**Instructions for the task:** Only the lines below from the one with "Dense columns of" through the one with "图注:在TGF-β诱导的NSCLC细胞EMT过程中TIF1γ 和circPTK2表达下调。a:TGF-β1(5ng /" are to be written out, exactly and without any images.

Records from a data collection
- - - -
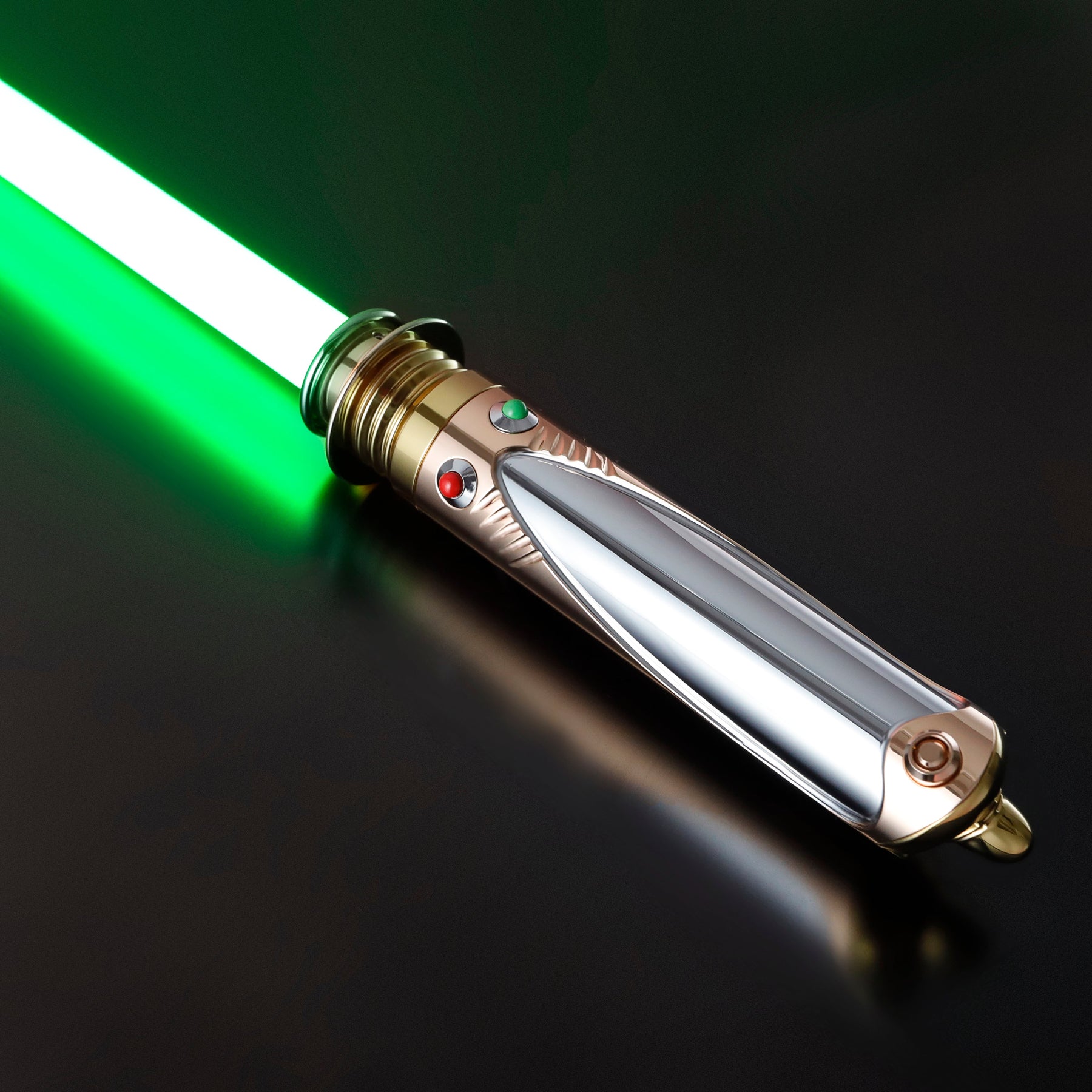 Chancellor is a saber which is clearly different from other sabers. The saber is relatively short which makes it ideal for hiding if you are playing a double game as the owner of this saber did. The hilt is silver and gold which gives the saber a high-quality look. The gold is slightly raised on the silver which makes the silver look like it has been milled out. The emitter of the saber is all gold and has two additional plating. At the bottom is the control knob and a pointed finish. The size of this saber makes it very manageable.
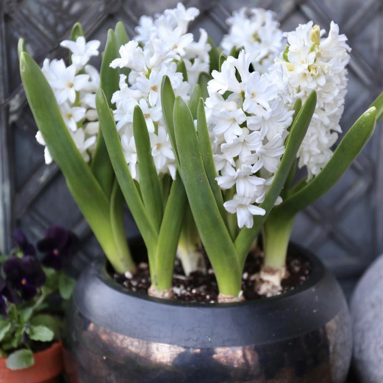 Dense columns of waxy, pure white florets give this hyacinth a beautiful presence in the garden. A new introduction from Holland, it features all the best characteristics of modern hyacinths: sturdier stems, an intense, sweet fragrance and clear, bright colors. Aiolos grows well in containers and is a long-lasting cut flower.
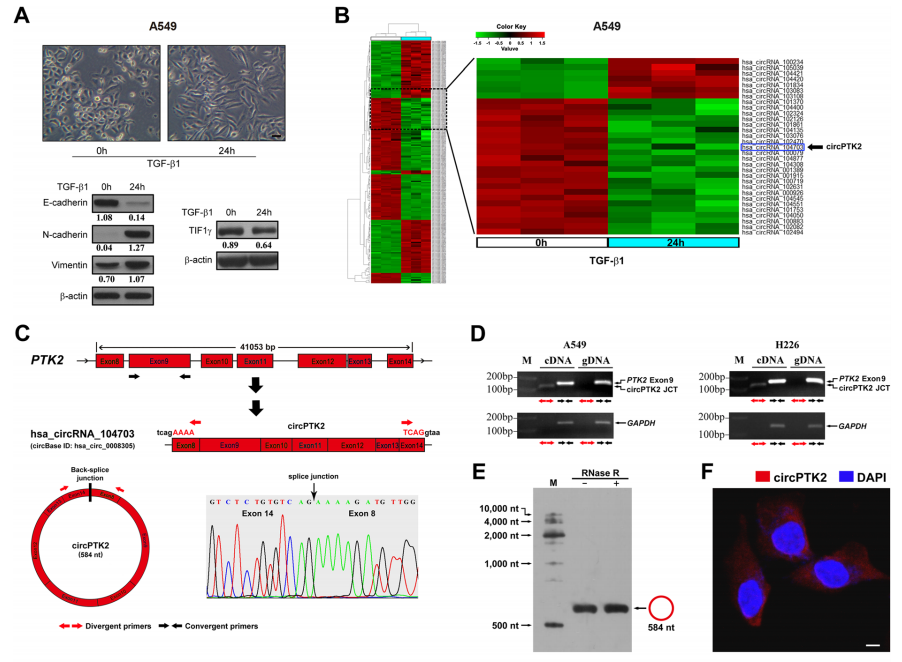图注:在TGF-β诱导的NSCLC细胞EMT过程中TIF1γ 和circPTK2表达下调。a:TGF-β1(5ng / ml)处理24小时后,A549细胞发生上皮-间质转化(EMT)。观察细胞形态并用相差显微镜(上图)拍照,比例尺,50μm。通过蛋白质印迹检查EMT相关蛋白的表达,包括E-钙粘蛋白E-cadherin,N-钙粘蛋白N-cadherin和波形蛋白Vimentin(左下)和TIF1γ蛋白(右下)。b:circRNA芯片检测TGF-β1处理0小时或24小时的两组A549细胞检测绘制circRNA表达层次聚类热图,circPTK2(hsa_circRNA_104703)的表达用箭头表示。cdef:RT-PCR,sanger测序,northblot和免疫荧光实验鉴定circPTK2(hsa_circRNA_104703)特异性存在,并主要分布在细胞质中。
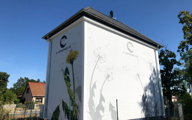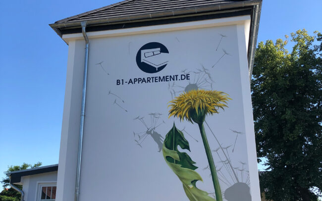 Für B1-Appartement haben wir bereits mehrere Fassaden mit detailreichen Löwenzahn-Motiven gestaltet. In der Verbindung mit dem Unternehmenslogo wird die Wandmalerei zur lebendigen Visitenkarte und schafft im öffentlichen Raum eine klare Wiedererkennung.
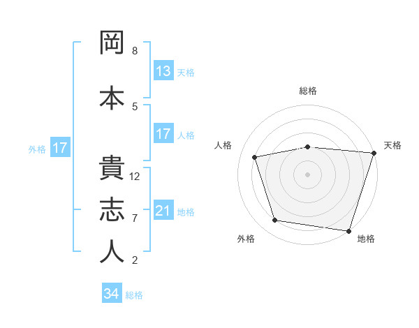 岡本 貴志人さんを姓名の画数から五運を鑑定
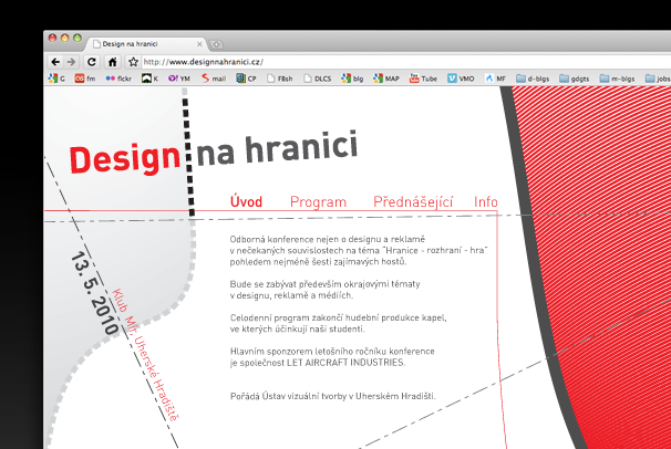 Návrh riešenia vizuálu konferencie Design na hranici. Plagát, pozvánka, microsite.
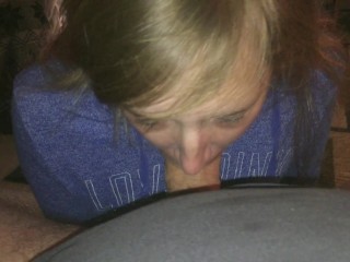 Milf almost gets caught sucking my cock by her mom right as I cum POV. Still swallows it
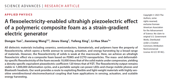近日,我院固体力学研究所邵丽华教授与向锦武院士、邢誉峰教授合作在Science Advances发表了题为 “A flexoelectricity-enabled ultrahigh piezoelectric effect of a polymeric composite foam as a strain-gradient electric generator”的研究论文(http://www.science.org/doi/10.1126/sciadv.adc8845),报道了关于超高挠曲电效应的最新研究成果。
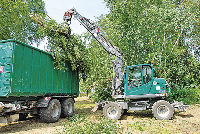 Unweit der Motorradrennstrecke Leineweberring im Bielefelder Stadtbezirk Heepen wird eine neue Versorgungstrasse für die Stadtwerke freigelegt. Für die Vorbereitungsarbeiten der 420 m langen Strecke setzt Olaf Krause aus Halle (Westfalen) mit seinem GaLaBau-Unternehmen auf einen Terex TW110. Mit einem Beha-Stein- und Recyclinggreifer entfernt der kompakte Mobilbagger Strauchwerk, Äste und kleine Bäume und bugsiert die sperrige Last auf einen 40 m³ fassenden Abfallcontainer. »Die Arbeit mit dem TW110 ist sehr angenehm«, sagt Fahrer Michael Böhne, der seit 21 Jahren im Betrieb tätig ist. Von der Leistung und den Fahreigenschaften des 11-Tonners von Terex mit 74,9 kW (102 PS) Dieselmotor ist er begeistert. Fahrantrieb und Arbeitshydraulik des TW110 sind unabhängig voneinander und bilden einen geschlossenen Hydraulikkreis. So steht Leistung zur Verfügung, die gerade bei solchen Einsätzen gefragt ist.
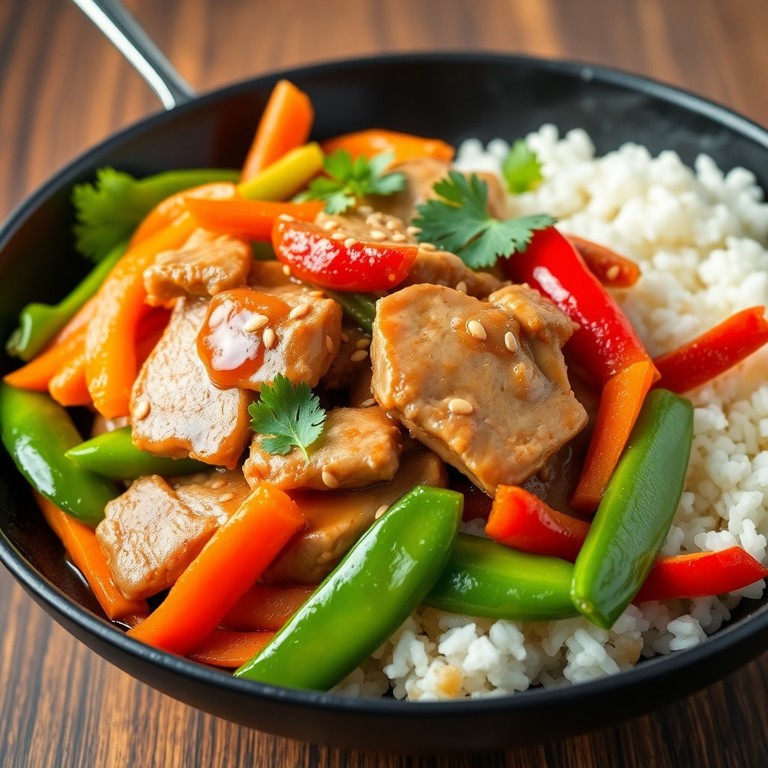 This Asian-Inspired Pork Chop Stir-Fry features thinly sliced pork chops quickly stir-fried with crisp vegetables and a savory soy-based sauce. It's a fast, flavorful dish that balances tender meat with vibrant veggies and bold Asian flavors, perfect for a weeknight dinner.
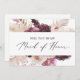 This boho pampas grass maid of honour proposal card is perfect for a summer wedding. The floral watercolor design features bohemian burgundy and blush pink flowers with sprigs of neutral pampas grass and golden dried palm leaves. Customise the card with the name of the bride and the maid of honour. Personalise the back of the card with a personalised message.
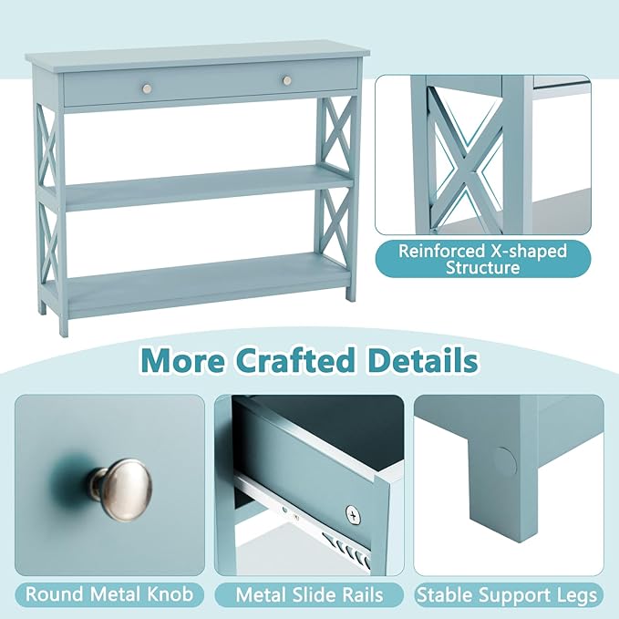 • [Sturdy & Durable Structure]: Made of solid MDF with odorless painting finish, this 3-tier hallway table stands the test of time and comes with strong loading capacity up to 209 lbs in total. And the X-shape structure on both sides provides extra strong stability to prevent wobble.
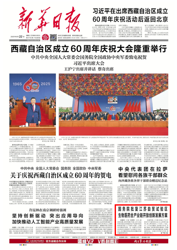 批復(fù)明確,《方案》實(shí)施以習(xí)近平新時(shí)代中國特色社會(huì)主義思想為指導(dǎo),深入貫徹黨的二十大和二十屆二中、三中全會(huì)精神,堅(jiān)持穩(wěn)中求進(jìn),完整、準(zhǔn)確、全面貫徹新發(fā)展理念,構(gòu)建新發(fā)展格局,推動(dòng)高質(zhì)量發(fā)展,統(tǒng)籌發(fā)展和安全。以高水平開放為引領(lǐng)、制度創(chuàng)新為核心,開展首創(chuàng)性、集成式探索,目標(biāo)是將中國(江蘇)自由貿(mào)易試驗(yàn)區(qū)打造成為具有世界影響力的生物醫(yī)藥產(chǎn)業(yè)集聚地和更具國際競爭力的創(chuàng)新發(fā)展高地。
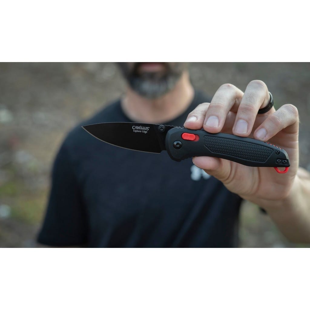 Camillus Explorer Edge to funkcjonalny folder EDC zaprojektowany do codziennych zadań. Model posiada ostrze o profilu Drop Point wykonane ze stali nierdzewnej 3Cr13 pokrytej czarną powłoką chroniącą przed korozją i negatywnym działaniem czynników zewnętrznych. Klingę osadzono na łożyskach kulkowych, która przy wykorzystaniu kołka wysuwa się płynnie i gładko. Prosta obsługa jedną ręką zadowoli zarówno osoby prawo, jak i leworęczne. Karbowany grzbiet głowni stanowi stabilne wsparcie dla kciuka, co pomaga przy precyzyjnych zadaniach. Wysoki poziom bezpieczeństwa zapewnia mechanizm Crossbar Lock w postaci obustronnego bolca na rękojeści. Okładziny chwytu z nylonu wzmocnionego włóknem szklanym charakteryzują się antypoślizgową fakturą, zwiększającą przyczepność do dłoni użytkownika. Na zakończeniu znajduje się otwór na linkę umożliwiający przełożenie breloka ozdobnego lub paracordu. Konstrukcję uzupełnia dwupozycyjny klips mocujący do wygodnego przenoszenie foldera w kieszeni spodni lub przy wyposażeniu. Firma Camillus Cutlery od 1876 roku dostarcza niezawodne narzędzia, które wytrzymują próbę czasu. Jest to jeden z najstarszych amerykańskich producentów noży, cieszący się uznaniem na całym świecie.
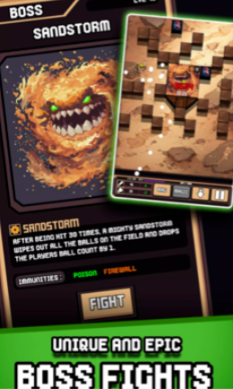 碎砖RPG不仅仅是一款普通的碎砖游戏,它是一款充满RPG元素的街机冒险游戏,拥有丰富的道具选择、角色成长和策略玩法。挑战数百个关卡,征服挑战性的Boss,探索采矿和钓鱼区域,并在无尽模式中检验你的技能。
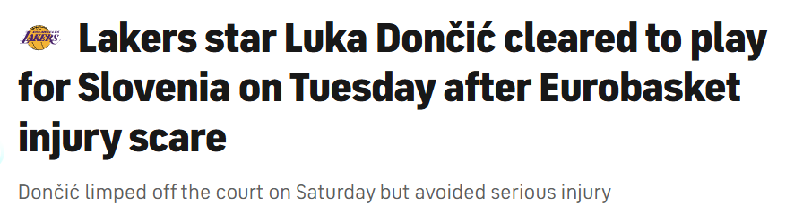 此前,在斯洛文尼亚对阵拉脱维亚的一场热身赛中,东契奇一瘸一拐地离开了球场,但他将在下一场对阵英国队的热身赛上出战。斯洛文尼亚篮球联合会已经确认了东契奇的参赛状态。
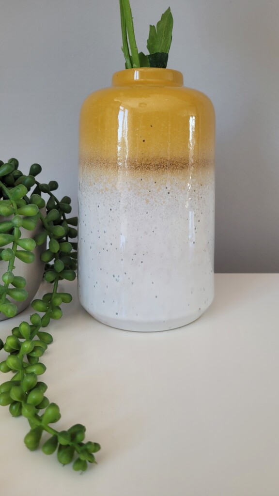 At 17 cm high this beautiful mustard vase is great for adding a hint of colour to a room.
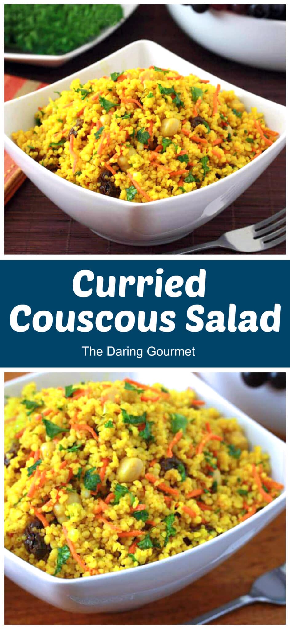 The contrasting flavors and textures in this curried couscous salad are sure to win you over.ย Crispy carrots and plump chewy raisins mingle with buttery garbanzo beans, tender couscous, and a lemony honey-curry vinaigrette that’s simply heavenly.
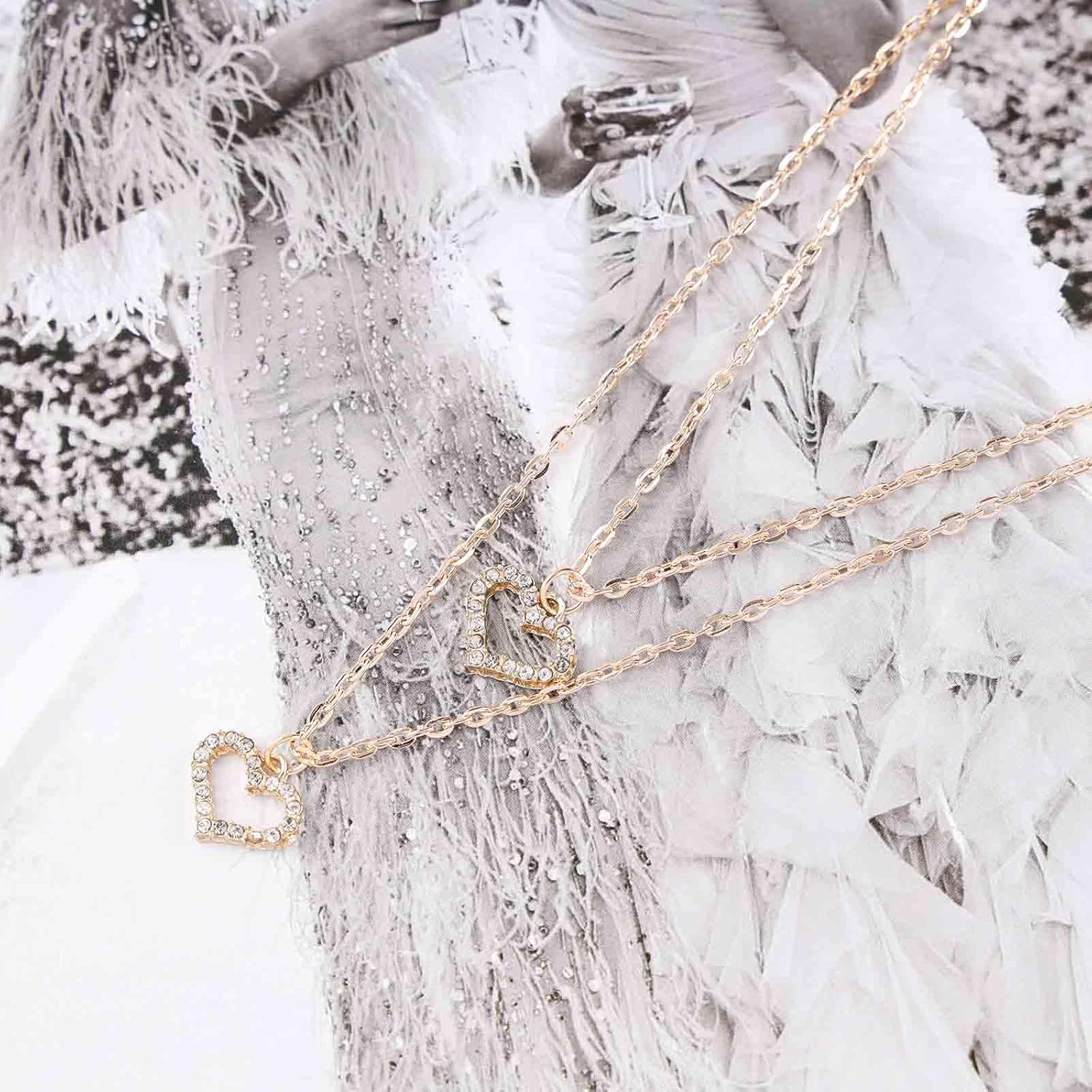 - Layered crystal heart necklace made of high quality alloy and rhinestone,make the surface of the necklace brighter,hypoallergenic,wonβt irritate your skin.
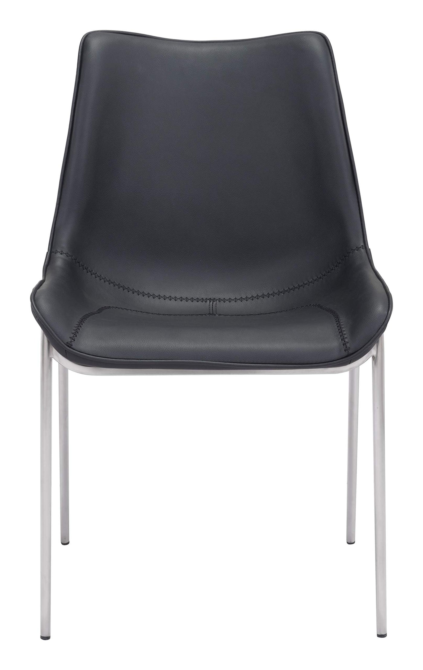HomeRoots Black & Brushed Stainless Steel 21.3' x 23.6' x 35.4' Black, Leatherette, Brushed Stainless Steel, Dining Chair - Set of 2
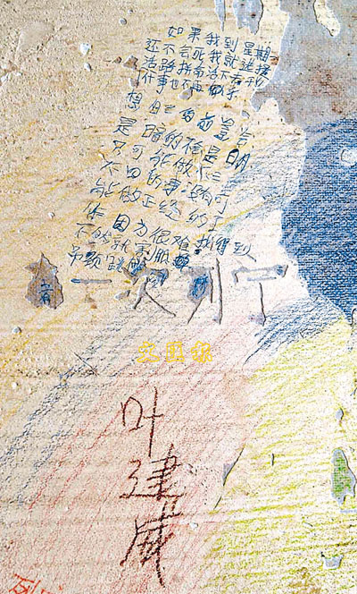 事後,葉父才發覺愛兒臨終前,在其上格碌架床的牆壁寫下死前心聲:「如果我到星期一還不會死,我就選擇活路拚命活下去,什麼事也不在乎,想自己的前景是暗的,不會是明,只可能做不三不四的事,沒有可能做正經的工作,因為很難找得到,不然就割脈吊頸跳樓死。葉建威」,遺言雖用藍色原子筆,但署名則改用紅色蠟筆。
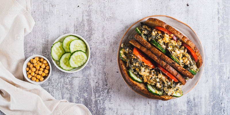 Овощной бургер с нутом и салатом из морских водорослей на доске вид сверху веб-баннер
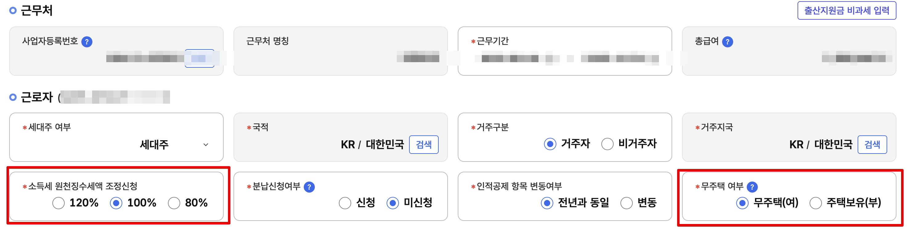 계속 진행하다보면 근로자 항목을 설정하는쪽이 있는데 여기에서 중요하게 봐야할건 두 군데다. 첫번째는 `소득세 원천징수세액 조정신청` 비율을 조정하는 것이다. 만약 조정이 가능하다면 돈을 미리 받을 때 더 많이 받고 나중에 토해내더라도 원천징수 비율을 80%로 설정하는게 추천되긴 한다. 그런데 월급여가 높지 않은 고소득자가 아닌 그냥 평범한 직장인이라면 사실상 큰 차이가 있는건 아니라서 귀찮으면 그냥 100%로 해도 무방하다. 120%는 미리 많이 내고, 나중에 되돌려받을 때 하는건데 이건 비추천이다.
- - - -
**Answer box:**
 Dense columns of waxy, pure white florets give this hyacinth a beautiful presence in the garden. A new introduction from Holland, it features all the best characteristics of modern hyacinths: sturdier stems, an intense, sweet fragrance and clear, bright colors. Aiolos grows well in containers and is a long-lasting cut flower.
图注:在TGF-β诱导的NSCLC细胞EMT过程中TIF1γ 和circPTK2表达下调。a:TGF-β1(5ng / ml)处理24小时后,A549细胞发生上皮-间质转化(EMT)。观察细胞形态并用相差显微镜(上图)拍照,比例尺,50μm。通过蛋白质印迹检查EMT相关蛋白的表达,包括E-钙粘蛋白E-cadherin,N-钙粘蛋白N-cadherin和波形蛋白Vimentin(左下)和TIF1γ蛋白(右下)。b:circRNA芯片检测TGF-β1处理0小时或24小时的两组A549细胞检测绘制circRNA表达层次聚类热图,circPTK2(hsa_circRNA_104703)的表达用箭头表示。cdef:RT-PCR,sanger测序,northblot和免疫荧光实验鉴定circPTK2(hsa_circRNA_104703)特异性存在,并主要分布在细胞质中。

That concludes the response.